The Lag routing method was selected for flow routing while losses were determined using an Initial + Constant loss approach. Variables which are dependent on terrain such as flow length and the slope along the flow path are computed for the DEM by the preprocessor. Other flow routing variables required by HMS are provided by the user as text files. The preprocessor informs the user of the fields required for these text files based on the flow routing and loss computation methods selected. The variables required include the Muskingum 'X' coefficient, the initial and constant loss rate and the flow velocity for both subwatershed and stream reaches. The simulation time step is also a required input for the preprocessor.

For this delineation, a flow velocity of 0.3 m/s was used. This velocity was determined as being characteristic of flows in the Niger basin during a previous Water Balance of the Niger River. Initial and constant loss rates were both set to zero while the Muskingum 'X' coefficient was set to 0.2 for all river reaches in Africa. Since the resulting basin file can be opened in a text editor, the values of these parameters can be changed on a case by case basis or by using the replace function available in most text editors.


As can be seen from the figure below, all the elements in the delineated stream coverages are represented in the HMS schematic. The basin file associated with each of these river reaches contains a lag time computed by dividing the flow length (distance along the flow path from the furthest cell in the reach to the outlet) by the velocity. It also contains a grid code which links the river arc to the corresponding subwatershed. Connectivity between river reaches is established by a field which contains the id number of the next downstream element.

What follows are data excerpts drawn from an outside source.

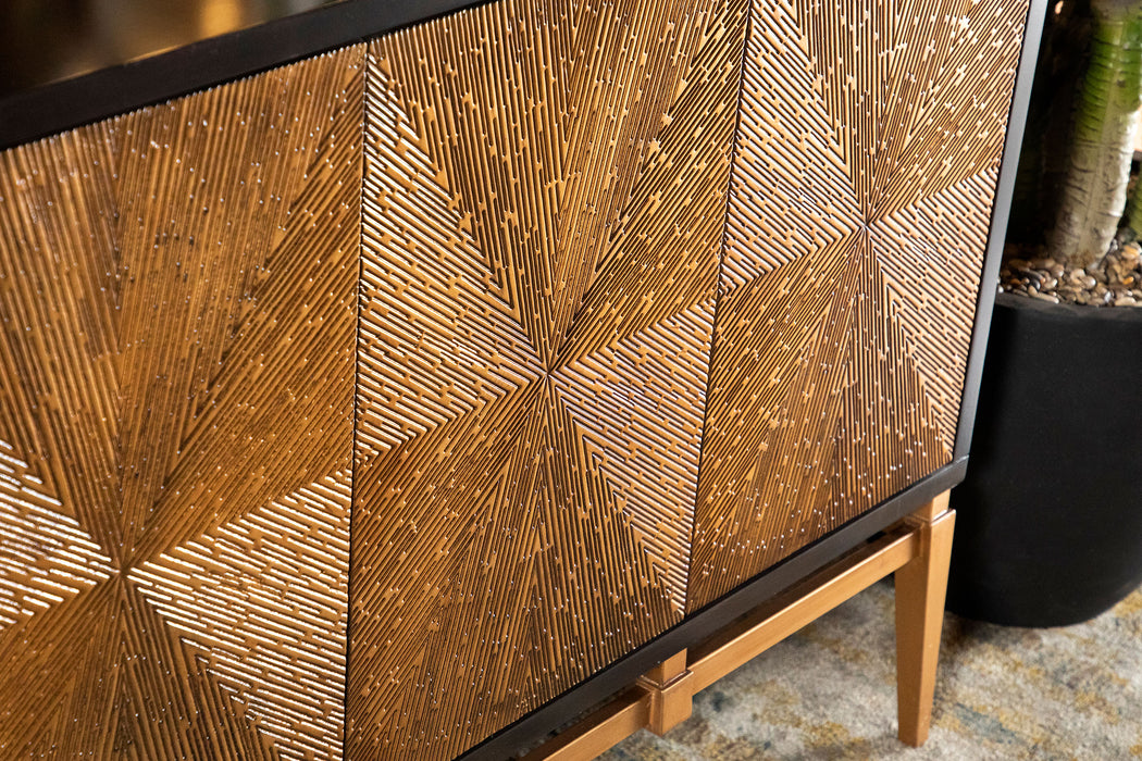 • Four-door accent cabinet with hand-crafted sunburst texture across each panel
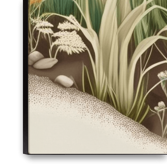 Diese erdige Komposition fängt eine Vielzahl von Wildpflanzen und Gräsern in ihrer natürlichen Form ein und hebt die verschiedenen Formen, Texturen und Farbtöne des ungezähmten Laubes hervor. Verstreute Felsen am Boden verleihen der Szene Tiefe und Realismus. Dieses Kunstwerk ist perfekt für Naturliebhaber und bringt einen Hauch von…
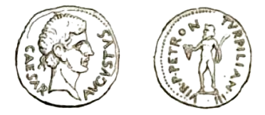 Revers : P PETRON TVRPILIAN IIIVIR  (“P. Petronius Turpilianus Triumvir”, (P. Petronius Turpilianus Triumvir monétaire))
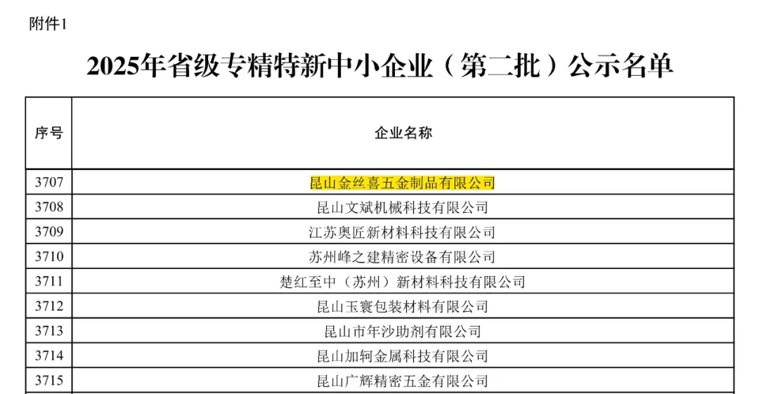 Slovenski Πρόσφατα, το Επαρχιακό Τμήμα Βιομηχανίας και Τεχνολογίας της Πληροφορικής της Jiangsu ανακοίνωσε επίσημα την τελευταία παρτίδα εξειδικευμένων και εξελιγμένων ΜΜΕ της Jiangsu που αναγνωρίστηκαν για το 2025. Η Kunshan Jinsixi Metalware Co., Ltd. επιλέχθηκε με επιτυχία και απονεμήθηκε ο τίτλος των «Jiangsu Specialized and Sophisticated SMEs» λόγω της άριστης ποιότητας καινοτομίας, της άριστης τεχνικής και γρήγορης συσσώρευσης προϊόντων.
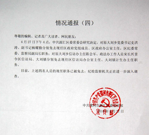 27日,漯河市源匯區(qū)委宣傳部通報(bào)說(shuō),中共源匯區(qū)委常委會(huì)研究決定,對(duì)原大劉鄉(xiāng)黨委書(shū)記史洪濤、副書(shū)記楊耀勤分別免去現(xiàn)任區(qū)政府黨組成員、區(qū)政府辦公室主任,區(qū)紀(jì)委常委、監(jiān)察局副局長(zhǎng)職務(wù);對(duì)原大劉鄉(xiāng)信訪辦主任陳會(huì)軍、政法辦工作人員宋長(zhǎng)興責(zé)令區(qū)信訪局、大劉鎮(zhèn)分別免去現(xiàn)任區(qū)信訪局辦公室主任、大劉鎮(zhèn)計(jì)生辦主任職務(wù)。目前,上述四名人員的現(xiàn)任職務(wù)已被免去。
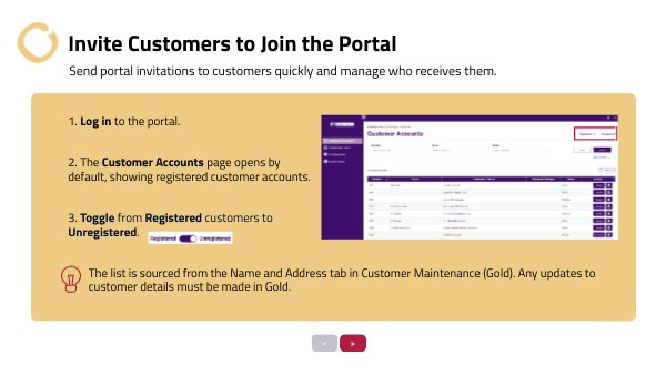 Send portal invitations to customers quickly and manage who receives them.
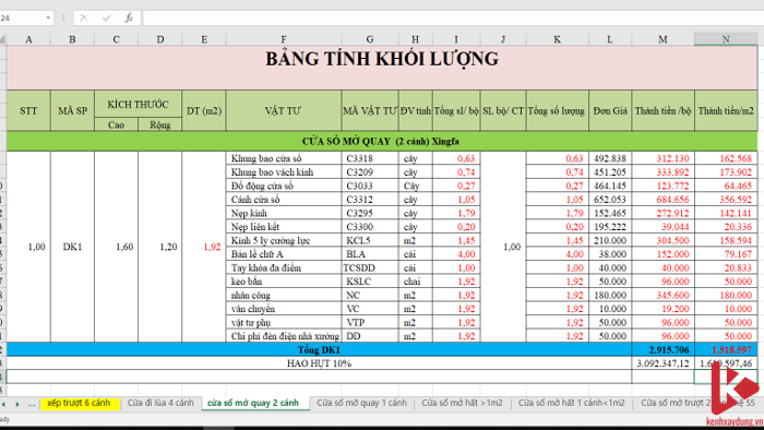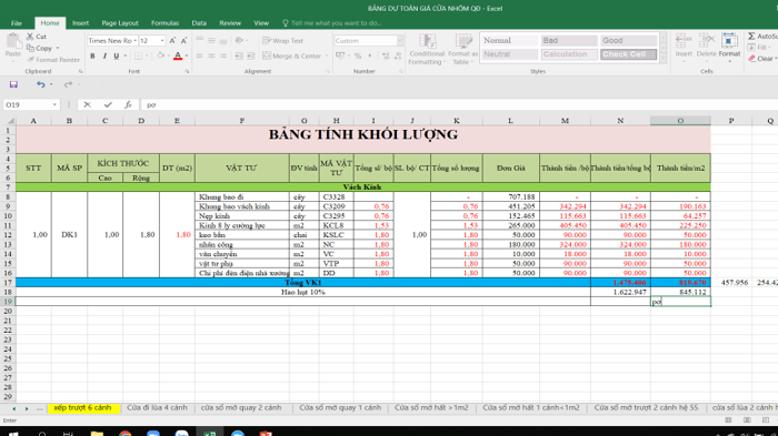 • Dự toán giá thành cửa nhôm ( File Excel )

The basin file generated by Arcview was successfully imported into HMS as a basin model. The result is a a basin model of Africa containing over 3000 elements including 1500 subwatersheds and stream segments. HMS allows the basin file to be modified by creating additional elements or removing unwanted ones. Reservoirs, diversions and source can also be created as desired. Different precipitation events or scenarios can be simulated by creating the precipitation model and control files required to perform a simulation in HMS. An initial run using dummy data was successfully complete for the Congo basin. Work is currently continuing to create precipitation models based on Wilmott-Legates global climatology data sets for the whole continent.